SUPPLIED MATERIAL
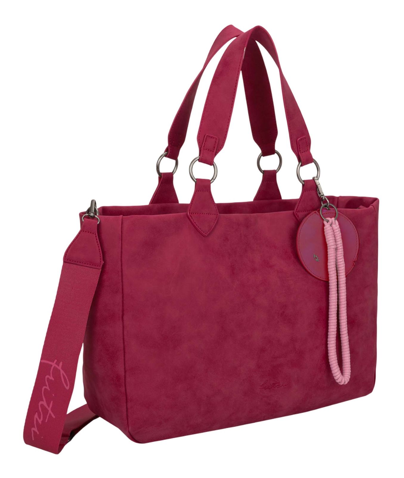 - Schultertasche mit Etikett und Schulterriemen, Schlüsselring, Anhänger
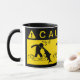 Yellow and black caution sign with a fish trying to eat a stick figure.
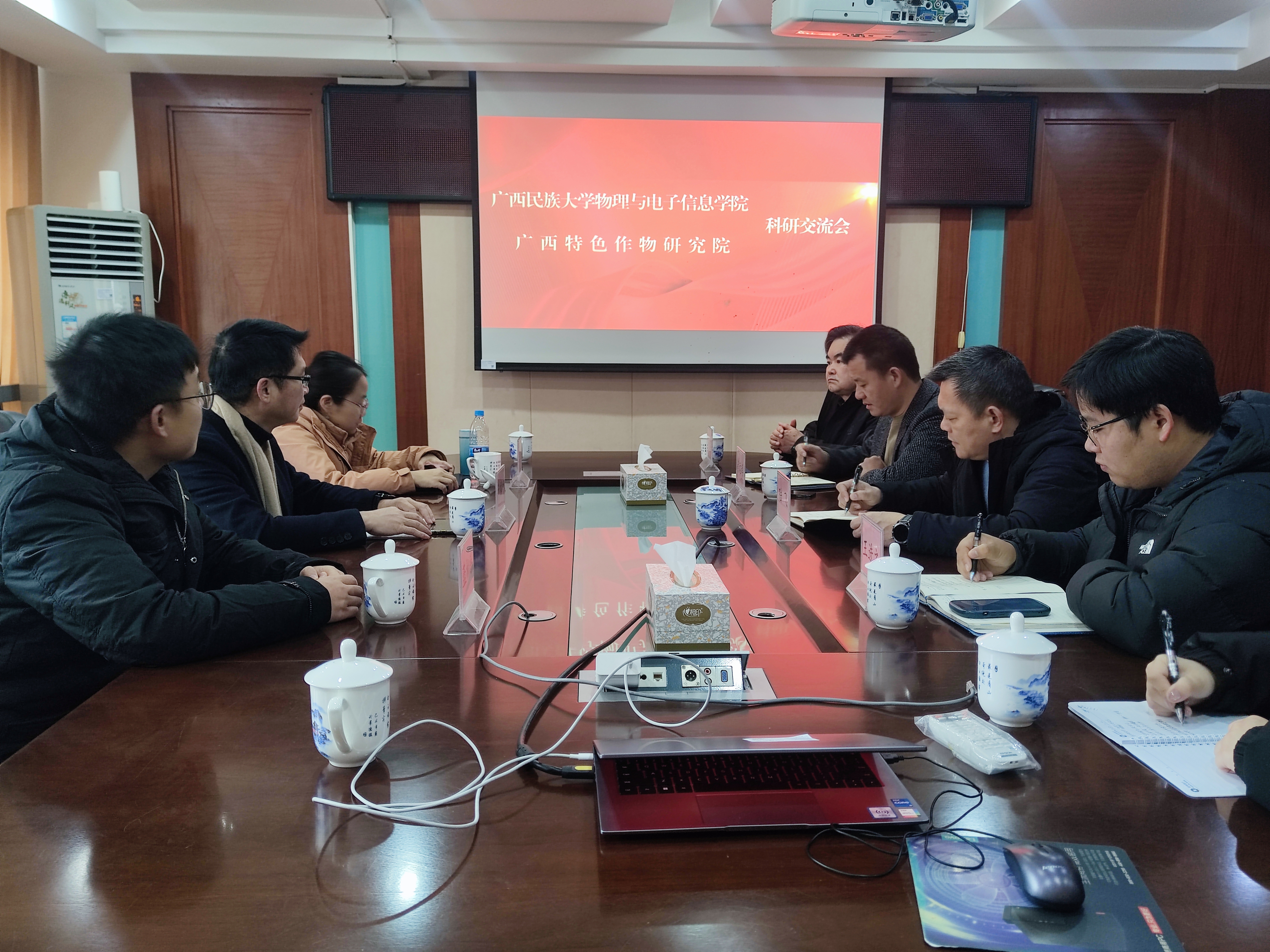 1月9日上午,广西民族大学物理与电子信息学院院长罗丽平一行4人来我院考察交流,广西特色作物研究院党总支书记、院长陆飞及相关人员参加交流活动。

TASK GOAL
Output the span from the line with "Yellow and black" through the last line of the data, inclusive and exact, and omit every picture.

TASK ANSWER
 Yellow and black caution sign with a fish trying to eat a stick figure.
 1月9日上午,广西民族大学物理与电子信息学院院长罗丽平一行4人来我院考察交流,广西特色作物研究院党总支书记、院长陆飞及相关人员参加交流活动。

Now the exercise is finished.